Does anybody have any experience with this reel? I am looking at getting an inshore setup and came across this reel on tackle warehouse. I cant find anything recent on it, but it seems that they did make this model several years ago. The research I have been doing tells me that shimano is the brand to go with. Any help is appreciated. Thanks.


----------



## doomtrpr_z71 (Feb 22, 2016)

The only thing is those reels are composite framed, so a bull red will flex the frame.


----------



## Anvil Head (Feb 23, 2016)

Big bull will flex a metal one just as well. The Shimano will hold up fine if you set your drag right. I've got two that have worked the skinny water for years and are still good to go any day I am. Don't know how well they'll do past the 37# mark but one has made it that far with no tell of quitting.

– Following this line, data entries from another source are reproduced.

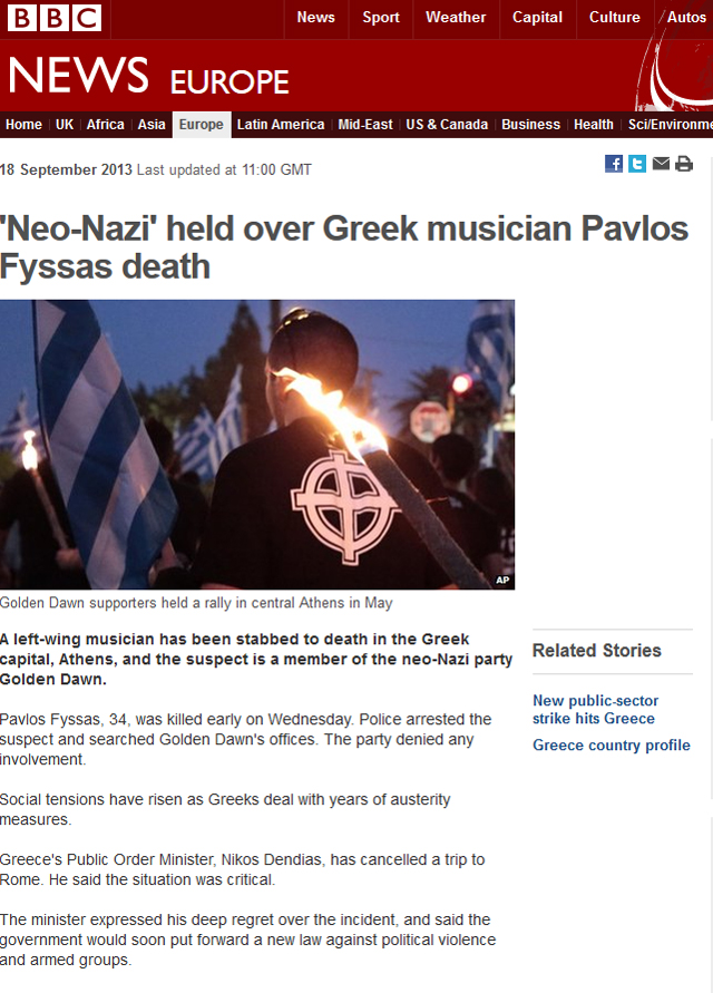 Το βρετανικό BBC ανέφερε μεταξύ άλλων ότι ο 34χρονος δολοφονήθηκε από ένα «μέλος του νεοναζιστικού κόμματος Χρυσή Αυγή» και απέδωσε το περιστατικό στην κοινωνική κρίση που έχει ξεσπάσει στην Ελλάδα, μετά την επιβολή των σκληρών μέτρων λιτότητας.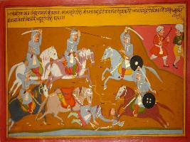 | Description / विवरण | Miniature painting based on Prithviraj Raso depicting Samant a noble of Prithviraj Chauhan defeating and crushing the force of Jaichand. |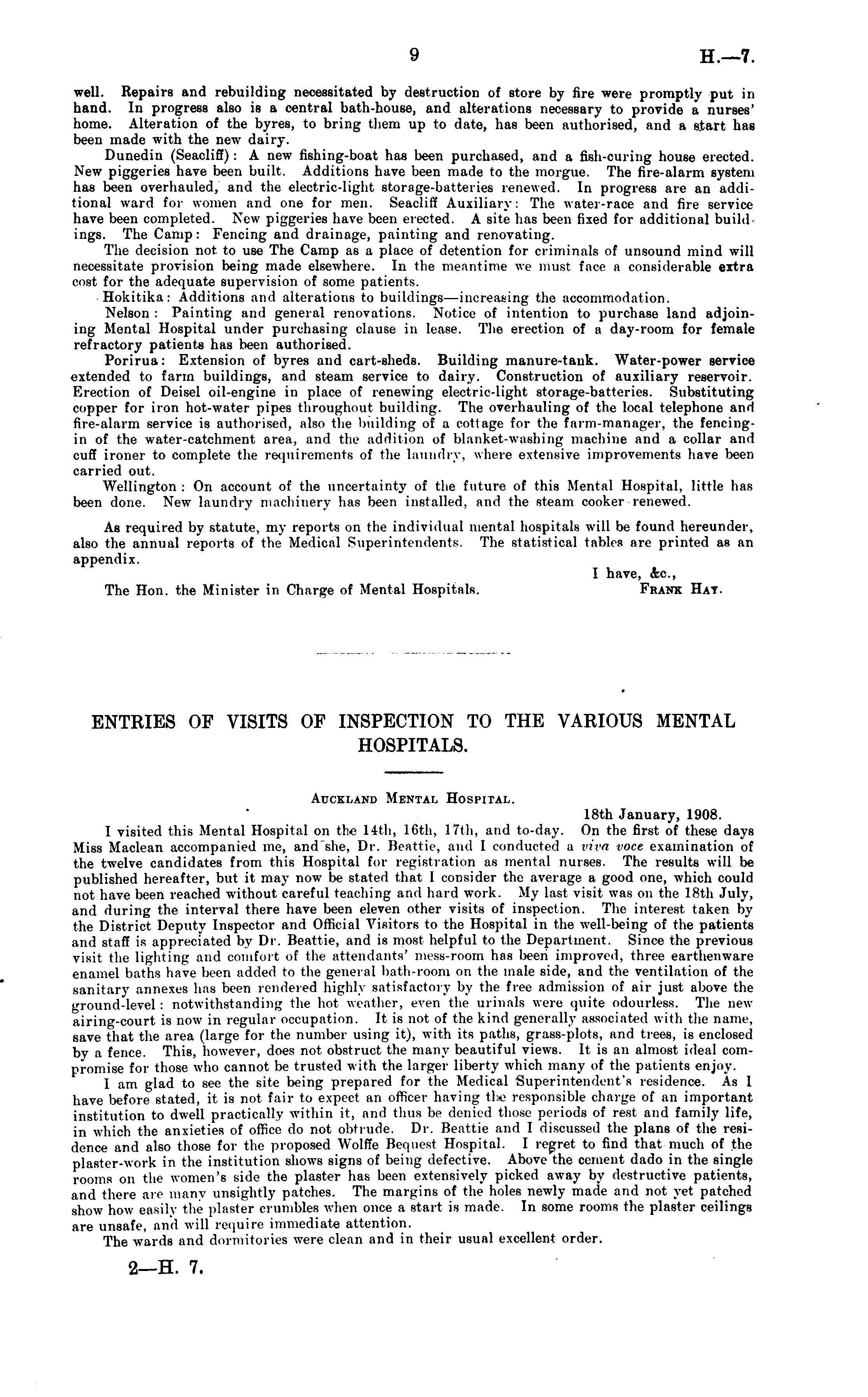 ENTRIES OF VISITS OF INSPECTION TO THE VARIOUS MENTAL HOSPITALS. Auckland Mental Hospital. 18th January, 1908. I visited this Mental Hospital on the 14th, 16th, 17th, and to-day. On the first of these days Miss Maclean accompanied me, and she, Dr. Beattie, and 1 conducted a viva voce examination of the twelve candidates from this Hospital for registration as mental nurses. The results will be published hereafter, but it may now be stated that I consider the average a good one, which could not have been reached without careful teaching and hard work. My last visit was on the 18th July, and during the interval there have been eleven other visits of inspection. The interest taken by the District Deputy Inspector and Official Visitors to the Hospital in the well-being of the patients and staff is appreciated by Dr. Beattie, and is most helpful to the Department. Since the previous visit the lighting and comfort of the attendants' mess-room has been improved, three earthenware enamel baths have been added to the general bath-room on the male side, and the ventilation of the sanitary annexes has been rendered highly satisfactory by the free admission of air just above the ground-level: notwithstanding the hot weather, even the urinals were quite odourless. The new airing-court is now in regular occupation. It is not of the kind generally associated with the name, save that the area (large for the number using it), with its paths, grass-plots, and trees, is enclosed by a fence. This, however, does not obstruct the many beautiful views. It is an almost ideal compromise for those who cannot be trusted with the larger liberty which many of the patients enjoy. I am glad to see the site being prepared for the Medical Superintendent's residence. As 1 have before stated, it is not fair to expect an officer having tl;<e responsible charge of an important institution to dwell practically within it, and thus be denied those periods of rest and family life, in which the anxieties of office do not obtrude. Dr. Beattie and I discussed the plans of the residence and also those for the proposed Wolffe Bequest Hospital. I regret to find that much of the plaster-work in the institution shows signs of being defective. Above the cement dado in the single rooms on the women's side the plaster has been extensively picked away by destructive patients, and there are many unsightly patches. The margins of the holes newly made and not yet patched show how easily the plaster crumbles when once a start is made. In some rooms the plaster ceilings are unsafe, and will require immediate attention. The wards and dormitories were clean and in their usual excellent order.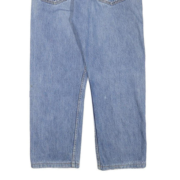Crafted from a durable cotton blend, these jeans offer a sturdy yet comfortable feel. The regular fit ensures a traditional, flattering fit through the waist and thigh, finished with a button fly closure for an authentic Levi's look. Notable signs of use include some minor stains and wear, consistent with fair pre-loved condition.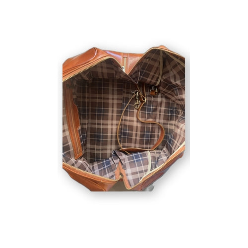 Realizzato a mano in vera pelle italiana di alta qualità, il Borsone in pelle bicolore in tinta cuoio naturale combina eleganza e funzionalità in un design senza tempo.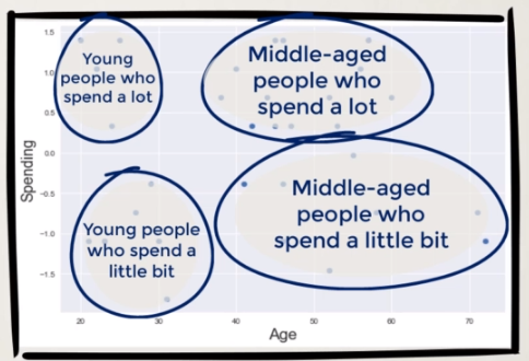 Moreover, most of the data points are middle-aged people who spend a lot. That's most probably who we should aim the marketing at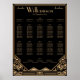 Este gráfico de assentos de Recepção de casamento sublime ou poster de plano de mesa tem um visual vintage de 1920, "The Excelente Gatsby" Art Deco, estética geométrica em tons pretos e ouros. Este formato do plano é definido para acomodar 12 mesas convidadas e até 10 convidados por mesa. Observe que este gráfico de assentos é criado usando somente impressão colorida (sem preenchimento usado), a cor do efeito ouro é criada inteiramente por meio da renderização sutil e realce para os tons de base bege.
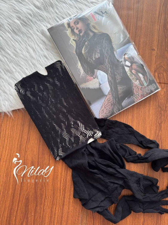 لباس خواب فول بادی پلنگی مشکی فاق باز کد 2155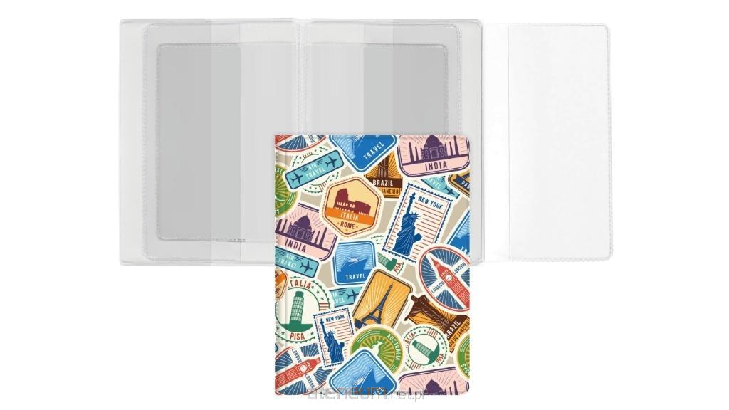 Okładka wykonana z folii PVC z pełnym, ozdobnym nadrukiem, wewnątrz usztywniona tekturą. Wyposażona w 2 pojedyncze koszulki na dokumenty w formacie ID-1, koszulkę trójdzielną z dodatkową kieszonką oraz 2 kieszenie na wewnętrznej stronie okładek. Przeznaczona na dokumenty osobiste i kierowcy, tj. Dowód osobisty, prawo jazdy, dowód rejestracyjny i inne.

My bad - older model than Nexave, but pretty much the same reel looking at the internals and skeleton. (They're out in the shed and I'm not going out there in the rain).


----------



## andlan17 (Feb 23, 2016)

would you recommend the sedona over the nexave? the sedona 3000 has 18 lbs of drag and the nexave 2500 only has 9


----------



## doomtrpr_z71 (Feb 23, 2016)

The sedona 3000 only has 9 as well, you get the bump up to 18 at the 4000 size. Honestly, I'd try and find an older shimano spheros on ebay, I bought a new one for $100 and a used one for $75. Otherwise, I'd save the money and buy a sienna for $30 with 13lbs of drag (4000 size). Even the 2500 size sienna is pretty close to sedona and nexave while being half the price.


----------



## andlan17 (Feb 23, 2016)

I am finding 2 different drags listed on shimano's website for the 3000 model. I guess it is the american site that says its only got 9 lbs of drag. However, the UK and AU sites say the same model has 8.5 Kg of drag, which is about 18.5 lbs. Every website I look at that model says it has 18 lbs of drag. Maybe it is just a mistake on shimano's part.


----------



## doomtrpr_z71 (Feb 23, 2016)

The stradic 3000 is only rated at 14lbs, I don't see the sedona having a bigger drag than a stradic.


----------